Über TeX wird gesagt, dass es absolut fehlerfrei ist und ein Dokument, was sich vor 10 Jahren übersetzen ließ, heute noch genauso aussieht. Das mag stimmen, aber wer nutzt schon Plain-TeX? In der Regel wird LaTeX genutzt, eine Sammlung von zahlreichen TeX-Makros, welches die einfache Benutzung des Textsatzsystems erst ermöglicht.

LaTeX kommt in der Form von TeX-Distributionen daher, unter Linux inzwischen als TeX Live. Und das (bzw. die Makros, die es enthält) ist alles andere als stabil. Mit jeder neuen TeX-Live-Version gibt es bei freiesMagazin wieder Ärger bei der Übersetzung.

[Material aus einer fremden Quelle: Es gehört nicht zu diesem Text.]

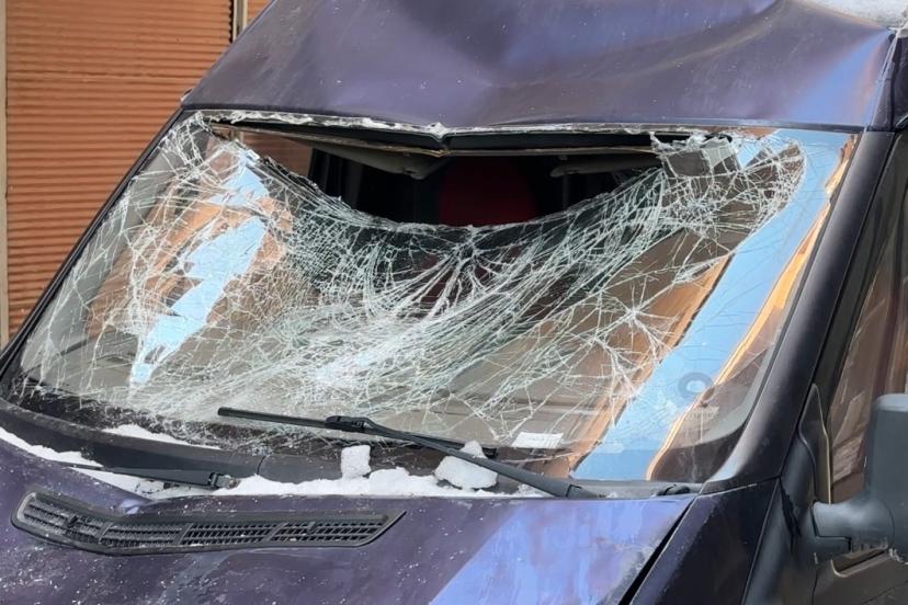 Çatıdan düşen kar kütlesi seyir halindeki minibüse zarar verdi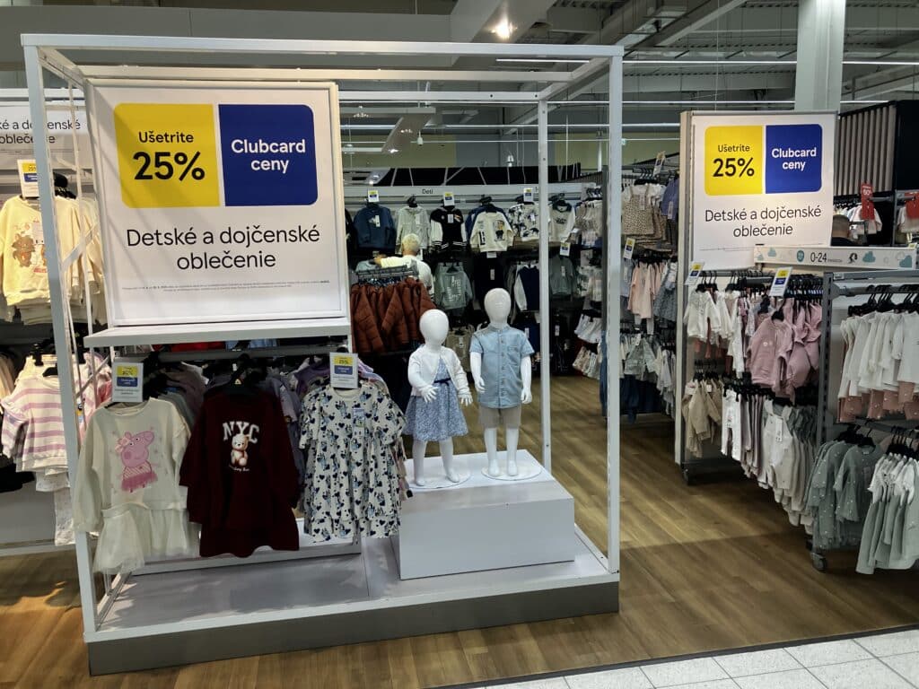 Tesco prezentuje F&F ako kompletnú rodinnú destináciu s oblečením, čo posilňuje jasná segmentácia a silné propagačné akcie Clubcard s dôrazom na cenu.

Dieses Mal hat es farbige Tabellen erwischt. In TeX Live 2009 sahen farbige Tabelle noch so aus:

Farbige Tabellen in TeX Live 2009

In TeX Live 2012 ist das Resultat wie folgt:

Farbige Tabellen in TeX Live 2012

Ich weiß nicht, ob dies ein Fehler ist oder ob sich die Schnittstelle so stark geändert hat, dass so etwas daraus wird. Auf alle Fälle ist es schlecht, dass so etwas passiert. Wenn einem der Fehler optisch noch so leicht auffällt, geht es ja, aber wenn z.B. Silbentrennung leicht anders funktioniert, kann das dazu führen, dass Absätze anders umgebrochen werden und das komplette Layout zerschossen wird.

Aus dem Grund versuchen wir bei freiesMagazin eigentlich auch immer alle die gleiche Software zu nutzen für die Erstellung des Magazins. Leider klappt das nicht immer, weil ich nicht jedem TeX Live 2009 aufzwingen kann. Ich nutze die Version wohl noch bis Ende 2014, weil ich wohl erst dann mein System auf was Neueres aktualisieren werde. Aber ggf. muss ich TeX Live doch noch manuell aktualisieren, wenn dieses Problem bei mehr Mitarbeitern auftritt.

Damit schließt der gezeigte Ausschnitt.